Using the full and reduced model to build the final model, the final model ended up using 13 of the 16 predicting variables available. The final model did not use the default variable, which indicates whether the customer has credit in a default, the previous variable which indicates how many times the customer was contacted before this campaign, and pdays which indicates how many days since the customer was last contacted before this campaign. This means that these variables were not significantly improving the model when predicting whether the customer subscribed to the term deposit.
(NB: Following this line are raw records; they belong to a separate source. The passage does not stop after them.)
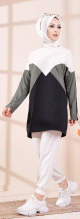 Tunique originale pour femme - Sweat-shirt tricolore - Couleur blanc noir et Kaki - REF. 37777 (19.90 €)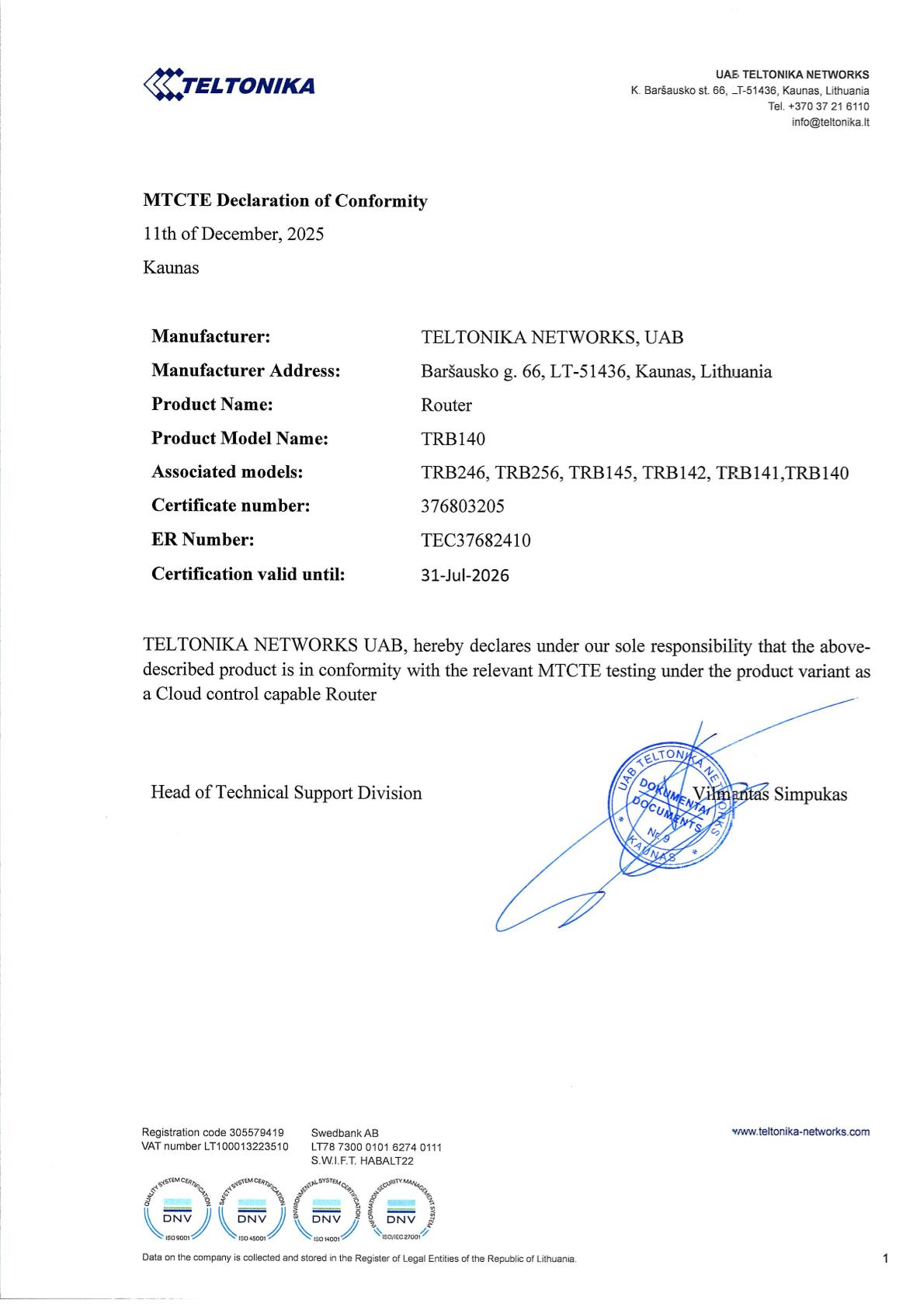 MTCTE Declaration of Conformity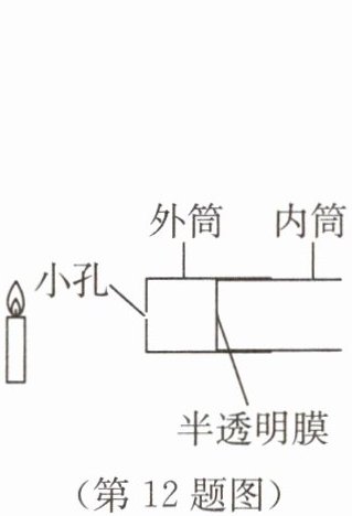 12. 如图所示,小明用针孔照相机(即小孔成像实验装置)观察蜡烛的烛焰,若保持小孔和蜡烛的烛焰位置不变,则下列分析正确的是(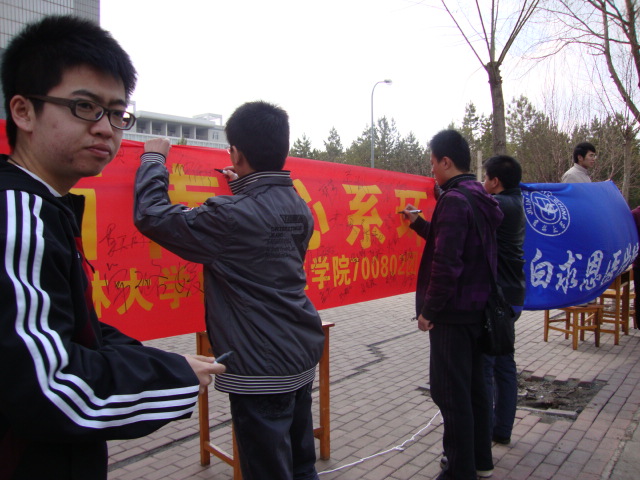 4月14日、15日、19日、20日、21日, 白求恩医公司700802团支部在威廉体育williamhill各校区、东北师范大学等长春市各大高校举行了联合签名活动,呼吁在长高校员工行动起来,用爱心与关怀串连成串,降成甘霖,滋润西南五省干涸的大地。“爱无限,绿无边,携手西南,心系环保”等条幅,满满签着的不仅仅是各大高校在校生的名字,更是一份份珍贵的心意,那是同胞之间的疼爱,是血浓于水的怜惜。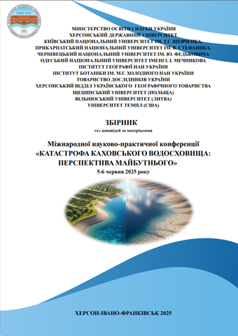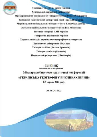 Збірник МНПК Українська географія у викликах війни_Збірник тез доповідей 8-9 червня 2023.pdf (2 Mb) Збірник тез КАХ вдсх РІК 2024.pdf (3.3 Mb) Збірник тез МНПК Катастрофа Каховського водосховища 2025.pdf (1.8 Mb)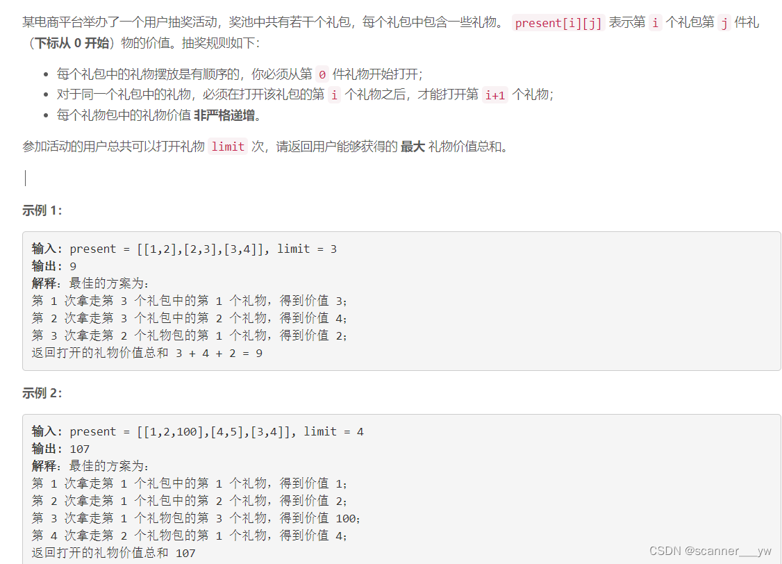 首先我们需要发现一个贪心的性质,就是我只要取这个包,那我一定要尽可能拿完,也就是说我们可以把每个礼包看作一个整体,做一个01背包,但是这里又有一个limit,而且礼包大小不相同,因此我们需要考虑拿完一些整的背包后,剩下的该拿哪一个。如果直接枚举会是n*n*limit,我们想我们肯定要枚举最后一个这是跑不掉的,但是我们枚举的过程dp是不是可以优化一下呢?因为我们如果计算左边的背包,那么我们枚举右边区间的时候,实际上上只需要加上左边背包的价值,因此这题的思路就是贪心+分治优化01背包。

Summary Table of Significant Tests
Estimate Std. Error z value Pr(>|z|)
(Intercept) -4.5392208 0.3516724 -12.9075249 0.0000000
mar married -0.1962908 0.0597952 -3.2827176 0.0010281
mar single 0.0660461 0.0687212 0.9610730 0.3365155
grp_jobBus. 0.1520453 0.0449911 3.3794556 0.0007263
grp_jobUnk./Unemp. 0.5341695 0.0569901 9.3730185 0.0000000
edu secondary 0.2256504 0.0615350 3.6670244 0.0002454
edu tertiary 0.4165539 0.0687592 6.0581558 0.0000000
edu unknown 0.2916336 0.1006156 2.8984939 0.0037496
hous. yes -0.9117506 0.0430296 -21.1889126 0.0000000
loan yes -0.5027728 0.0617813 -8.1379507 0.0000000
cont telephone -0.0134104 0.0743609 -0.1803422 0.8568839
cont unknown -1.1602671 0.0592103 -19.5956967 0.0000000
grp_monSpri 0.0797174 0.0581543 1.3707895 0.1704406
grp_monSumm -0.2754371 0.0568831 -4.8421587 0.0000013
grp_monWint -0.2559840 0.0691383 -3.7024937 0.0002135
pout other 0.2868420 0.0903877 3.1734613 0.0015063
pout success 2.3493013 0.0810550 28.9840362 0.0000000
pout unknown -0.2369468 0.0576687 -4.1087592 0.0000398
trans_age -0.1471512 0.0838811 -1.7542844 0.0793818
day -0.0057369 0.0022398 -2.5613819 0.0104257
dur_min 2.1337476 0.0323876 65.8815797 0.0000000
new_bal 0.0227796 0.0033506 6.7985578 0.0000000
grp_cmpn2 -0.3786729 0.0443409 -8.5400410 0.0000000
grp_cmpn3 -0.3072668 0.0598581 -5.1332530 0.0000003
grp_cmpn4-63 -0.5041658 0.0567725 -8.8804611 0.0000000

The variables with a negative coefficients have a lesser chance of getting the customer to subscribe to the term deposit when the variable category outcome is true. For example, the marital variable is negative when the customer is married, indicating that when a customer is married, that customer is less likely to subscribe to the term deposit. This goes for customers with housing loans, personal loans, those who were contacted by the telephone or by unknown means, those who were last contacted in the winter and summer, those who are older in age, those contacted multiple times during this campaign, those who were contacted later in the month, and those who had an unknown outcome for the previous campaign.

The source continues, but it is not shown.